Part of the deliberations almost certainly will revolve around the delicate issues of risks compared to benefits--an equation that changes dramatically when debating cosmetic enlargement versus reconstruction after mastectomy.
The investigation comes eight years after the agency tightly restricted the use of silicone gel implants in the aftermath of an intense and emotional national debate about the devices. Many women blamed the silicone devices for a range of harmful health consequences, including autoimmune diseases and other conditions, although a scientific link has not been proved.
Nevertheless, the controversy provoked extensive and complicated litigation--driving at least one manufacturer into bankruptcy--and resulted in the FDA’s removing the implants from the market for nearly all cosmetic purposes. They are now allowed only for medical necessity, such as reconstruction after breast surgery or to correct deformities.
The latest review is part of the FDA’s continuing study of medical devices that went on the market before 1976, when Congress gave the agency the authority to regulate them. An advisory committee of outside experts will listen to testimony and other data for three days.
At the end of the hearing, panel members will vote on whether the saline devices are safe enough to remain available and make a recommendation to the full agency. Although the recommendations are not binding, they typically wield considerable influence in agency decision-making.
Saline implants have been regarded as safer than their silicone counterparts, although they are not considered problem-free. There have been reports of infection, bacterial contamination, rupture or deflation, hardening of scar tissue, distortion and shifting of the implant, skin rashes and loss of nipple sensation. The devices, while filled with salt water, are encased in a sheath made of a silicone material.

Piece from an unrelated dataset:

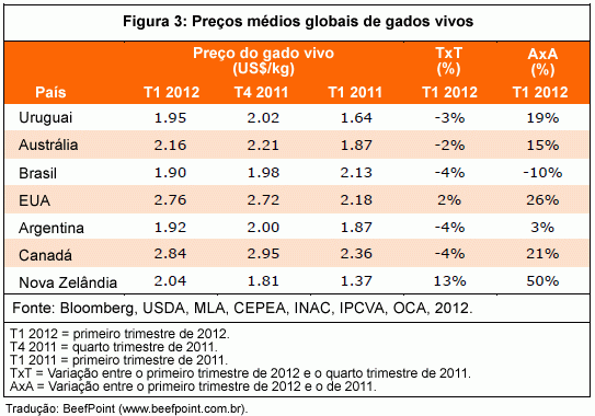 Existem riscos de pressão de baixa os preços nos mercados de gado/carne bovina durante o segundo trimestre de 2012, à medida que é esperada uma oferta global levemente maior, liderada pelo Brasil e outros países do Hemisfério Sul, em meio à economia global que permanece relativamente fraca. Para o resto do ano, entretanto, os preços do gado deverão se recuperar novamente, à medida que os mercados mudam de aumento na oferta de curto prazo (principalmente o Brasil) para ofertas materialmente menores já que a maioria dos países produtores de carne bovina está passando por liquidação, ciclo de retenção ou problemas relacionados ao clima.

Regardless of the complications, their popularity apparently has not dimmed in recent years.
Although sales of saline devices slipped during the years silicone devices were available, they increased after silicone implants were taken off the market. In 1998, the most recent year numbers were available, about 130,000 saline implants were sold in the United States.
“Our hope is that someday women have access to a safe product,” said Sybil Nidel Goldrich, executive director of Command Trust Network, a women’s support group. “In the meantime, we urge the FDA to insist that women be given a full set of facts about implants . . . before they put their health at risk.”
At the hearing, Dr. Scott Spear, professor and chief of plastic surgery at Georgetown University Medical Center, will present data showing a higher incidence of problems among breast cancer patients receiving the implants as compared to those who received them for cosmetic reasons. Spear is the medical monitor for studies conducted by McGahn Medical Corp. of Santa Barbara, one of the major saline implant manufacturers expected to seek FDA approval.
The center is the medical monitor for studies conducted by McGahn Medical Corp. of Santa Barbara, one of the major saline implant manufacturers expected to seek FDA approval.
But Spear stressed that “reconstruction [after breast cancer] is a much more difficult environment” than cosmetic surgery--which is done on an otherwise healthy patient. “With reconstruction, the patient has had a mastectomy--with radiation therapy or infection from a previous surgery. Patients are much more vulnerable,” he said.
Two other companies expected to ask the FDA for approval are Mentor Corp., also of Santa Barbara, and Poly Implants Prostheses/USA of Miami.
An FDA decision is expected within six months. The agency either will “approve” the implants--about three decades after they went on the market--or refuse to do so, an action that would result in their removal from the market.
The FDA is not expected to take such a drastic action as removal, since there are no current alternatives available other than a more complicated surgery that involves creating a new breast from skin grafted from the abdomen.